Сейчас ему очень не хотелось выходить из блиндажа под немецкие пули, и в то же время спокойствие командира передавалось и ему. Раз сержант решил рыть ход сообщения к реке, значит, он уверен в том, что здесь удастся задержаться. А там, быть может, наши части перейдут в наступление, о котором солдаты постоянно беседовали в минуты коротких передышек между боями. Рассказывали, что северней Сталинграда сосредоточена большая группа наших войск. Воюя в городе, с трех сторон окруженном немцами, солдаты с уверенностью говорили, что там, северней Сталинграда, много танковых и артиллерийских частей, которые только и ждут приказа, чтобы ударить гитлеровцам во фланг и пробиться на помощь защитникам города.

Откуда они могли все это знать? Рассказывали об этом солдаты, прибывшие с пополнением. Одни видели эшелоны с танками, которые направлялись куда-то северней Сталинграда. Другие говорили о колоннах самоходных орудий. Третьи восхищались конниками, спешившими куда-то под Дубовку. Так рождалась у солдат уверенность, что скоро наступит час, когда войска, сосредоточенные на северном фланге, двинутся на помощь осажденному городу.

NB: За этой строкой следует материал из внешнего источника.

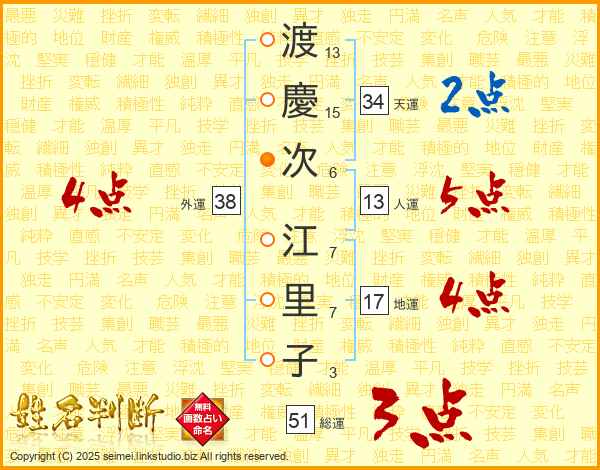 渡慶次江里子さんの外運は38画の4点!

Андрусевич еще не стал тем бывалым солдатом, который по малейшим приметам может догадаться обо всем происходящем, вынести верное суждение. Эвакуировавшись из Белоруссии, он сначала работал в одном далеком сибирском колхозе, потом служил в запасном полку. Его боевой опыт был очень мал. Но спокойный тон командира подбодрил его.

— Пошли? — сказал Петров, проверяя ногтем большого пальца, хорошо ли отточена лопата.

— Пошли! — ответил Андрусевич, стараясь не выдать волнения.

Они приоткрыли дверь блиндажа, прислушались. Было тихо. Лишь где-то далеко позади рвались снаряды нашей артиллерии. Сверху, с кручи, струились разноцветные пунктиры трассирующих пуль. Они гасли в Волге, неторопливо катившей темные волны.

Петров стал спускаться вниз по тропинке, вившейся вдоль откоса, стараясь не шуршать мелкими комочками земли. Андрусевич следовал за ним, пригибаясь и боясь, как бы сзади не раздался треск автомата или пулемета. Но гитлеровцы, закрепившись на круче, видно, не отваживались показываться из окопов, за день наша артиллерия нанесла им немалые потери.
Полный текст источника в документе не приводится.